Ждали молча, внутренне сгруппировавшись для решительного броска.
Когда туша жертвенного бычка проносилась мимо, каждый действовал самостоятельно, сообразуясь со своими природными данными и возможностями. Некоторые эти возможности переоценивали и промахивались. Промахнувшись же, вели себя умно, крику не поднимали, не жаловались, а тихо отползали в кусты и там, притаившись, зализывали раны, готовые к новым испытаниям.
Наиболее удачливые, оторвав кусок, торопились унести домой, не растеряв по дороге части, что тоже являлось испытанием серьезным. Если кусок был непомерен, закапывали в укромном месте.

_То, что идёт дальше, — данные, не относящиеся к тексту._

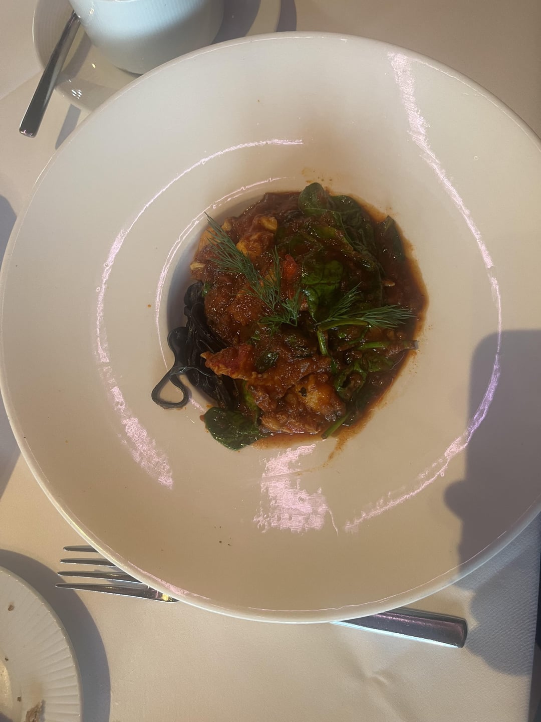 I tried some of the pasta and it was very tasty! The lobster was juicy and smooth and the noodles were filled with flavor. Squid ink pasta is definitely not my favorite kind of noodle, but it was good! A good 8/10!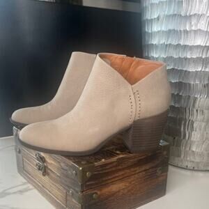 These NWOB Lucky Brand Ballita Heeled Booties feature v-notch details at the outer ankle, an almond toe, and stacked heels.

Как и во всяком жизнелюбивом сообществе, у творческой интеллигенции взгляд на добычу был прямым и естественным: ее необходимо брать.
Как и во всякой уважающей себя стае, существовала четкая субординация ее членов: вождь, авторитеты, бойцы, заслуженные художники и прочая околоэлитная публика.
Как и во всякой уважающей себя иерархической структуре, субъекты сбивались в различные группы и кланы и, действуя сообща, бились за добычу, не щадя живота противника.
Все как у всех. Как природа захотела…
Но что выгодно отличало их от остального мира, так это алогичность, даже аномальность некоторых поступков.
Безумный Сашко, например, принимался вдруг выступать, тараща глаза и вздыбив усы. И хотя всем было ясно, что это бесперспективный путь, многие тайно им восхищались.
А Нормальные Дела однажды, прыгнув на добычу, завис и, провисев так недели три, начисто забыл цель своего вылета. Удачно приземлившись, был несказанно рад, обнаружив приметы живой жизни, как то: движение транспорта, щебетание птиц и прочие повседневные радости.
Или еще пример: Туз, отхватив здоровенный кусище, потащил его, как и все, закапывать. Однако занятие это повергло его в такое глубокое уныние, что, раскидав добычу по сторонам, он благополучно запил, считая подобный оборот событий осмысленнее и благопристойней.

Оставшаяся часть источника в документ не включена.